The financing will be structured as an 18-month convertible debenture bearing an interest rate of 10% APR and allows for one 6-month extension upon issuance of 3,000,000 warrants exercisable at C$0.30 per warrant. A fee of 10% cash, and up to 3,000,000 warrants at C$0.35 (exercisable for a period of three years) will be payable upon completion of the transaction. Upon conversion of the debt, the debenture will have a convertible security exercisable at C$0.50.
BrokerBank shall also be compensated with a 5% finder’s fee on future transactions should it introduce future parties for financing or acquisitions.

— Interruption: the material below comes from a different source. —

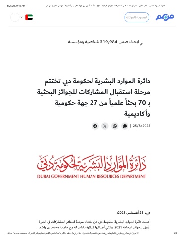 8/26/25, 9:46 AM مھ نﻣ | رﺑﺧﻟا ضرﻋ | ﺔﯾﻣﯾدﺎﻛأو ﺔﯾﻣوﻛﺣ ﺔﮭﺟ 27 نﻣ ً ﺎﯾﻣﻠﻋ ً ﺎﺛﺣﺑ 70 ـﺑ ﺔﯾﺛﺣﺑﻟا زﺋاوﺟﻠﻟ تﺎﻛرﺎﺷﻣﻟا لﺎﺑﻘﺗﺳا ﺔﻠﺣرﻣ مﺗﺗﺧﺗ ﻲﺑد ﺔﻣوﻛﺣﻟ ﺔﯾرﺷﺑﻟا دراوﻣﻟا ةرﺋاد

The funds will be used to commence a 10,000-tonne bulk sample at the high-grade Au/Ag/Te zone at the Deer Horn property located in central British Columbia. Completion of the bulk sample will provide Deer Horn with information necessary to evaluate the potential of advancing to a Small Mines Permit. The initial tranche of the debenture will be utilized to prepare the application of the bulk sample permit as well as the funds required to post the requisite bond.

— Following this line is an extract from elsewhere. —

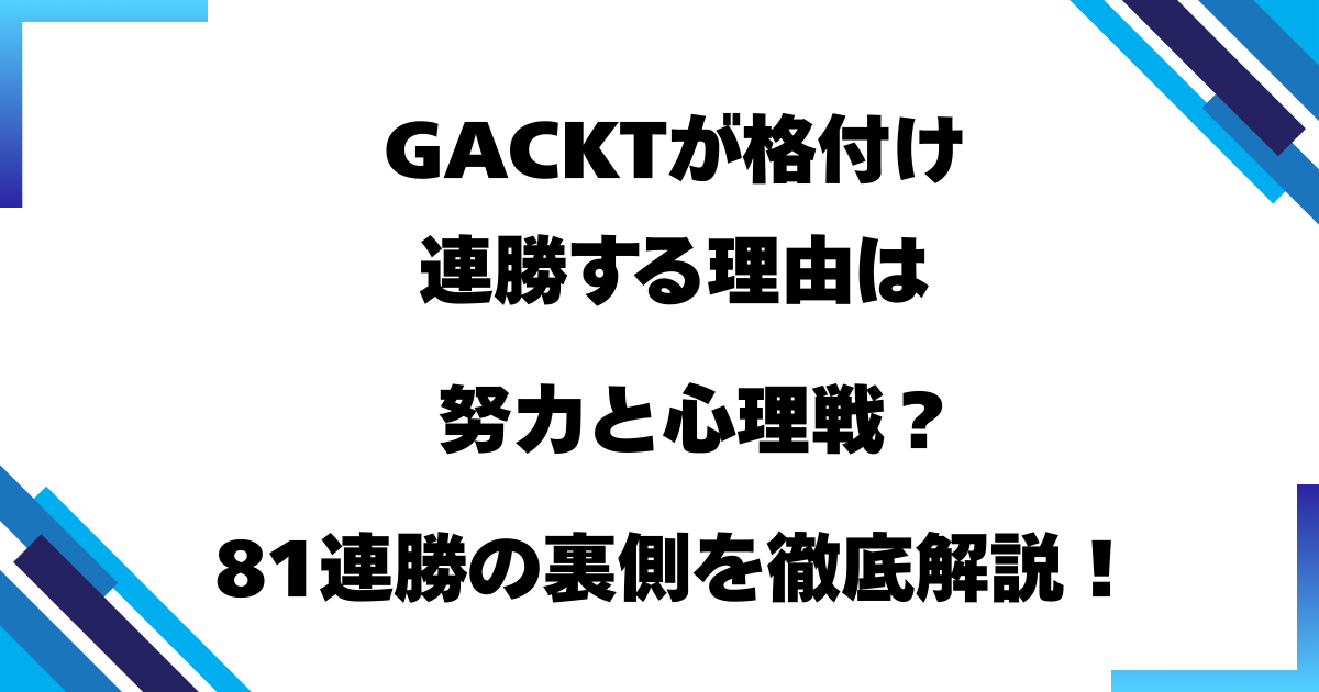 GACKTさんのストイックな姿勢とプレッシャーへの向き合い方が、81連勝という記録を支えているんです。

“We’re very pleased to be moving the Deer Horn Property forward, especially with U.S. based financing,” said Deer Horn President and CEO Tyrone Docherty. “The convertible debenture helps minimize dilution, which is a key part of our long-term strategy. Also, working with BrokerBank increases our exposure to U.S. and other international investors looking for this kind of opportunity in precious and critical metals.”
Deer Horn represents North America’s only known mineral property with a certified NI 43-101 silver-gold-tellurium resource. Tellurium is one of the planet’s rarest metals and is classified as a “critical” mineral by the U.S. Department of the Interior. Tellurium is used most heavily in thin-film solar panels, thermoelectric products and metallurgy.

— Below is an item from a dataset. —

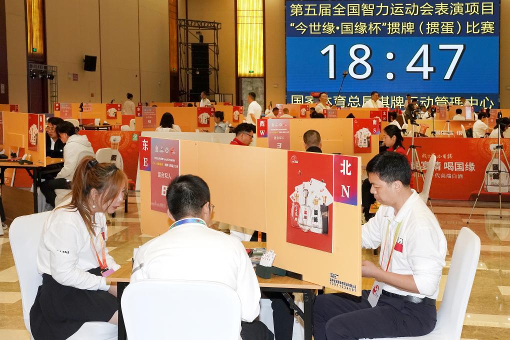 這是摜蛋項(xiàng)目首次進(jìn)入智運(yùn)會,比賽設(shè)男子雙人賽、女子雙人賽、混合雙人賽3個(gè)競賽項(xiàng)目,執(zhí)行國家體育總局棋牌運(yùn)動(dòng)管理中心審定的《競技摜蛋競賽規(guī)則(試行)》,分預(yù)賽、決賽兩個(gè)階段進(jìn)行。預(yù)賽采用場分制瑞士積分編排賽,進(jìn)行7輪比賽,決賽采用豪威爾制,進(jìn)行9輪比賽。比賽均采用計(jì)算機(jī)預(yù)制比賽用牌,全場同牌,以得分決定名次。

Exploration to date has outlined several key mineral zones across a 2.4-kilometer strike length that remains open for expansion in three directions. In addition to gold, silver and tellurium, the Deer Horn property has also produced important discoveries of copper, tungsten and molybdenum within its 51-square kilometer expanse.
About Deer Horn Capital
Deer Horn Capital is committed to exploring for, and providing, strategic and critical metals vital to a low-carbon economy and for the advancement of technology. The Company’s leadership has a track record of project monetization with a board and advisory group that includes industry leaders in finance, mineral property development, geology, mineralogy, solar power, engineering, research and First Nations engagement and economic development.
|On behalf of the board of directors of
Deer Horn Capital Inc.“Tyrone Docherty”
President and CEO
|For further information please contact:
Neither the Canadian Securities Exchange nor its regulations services accept responsibility for the adequacy or accuracy of this release.
All statements included in this press release that address activities, events or developments that the Company expects, believes or anticipates will or may occur in the future are forward-looking statements. These forward-looking statements involve numerous assumptions made by the Company based on its experience, perception of historical trends, current conditions, expected future developments and other factors it believes are appropriate in the circumstances. In addition, these statements involve substantial known and unknown risks and uncertainties that contribute to the possibility that the predictions, forecasts, projections and other forward-looking statements will prove inaccurate, certain of which are beyond the Company’s control. Readers should not place undue reliance on forward-looking statements. Except as required by law, the Company does not intend to revise or update these forward-looking statements after the date hereof or revise them to reflect the occurrence of future unanticipated event.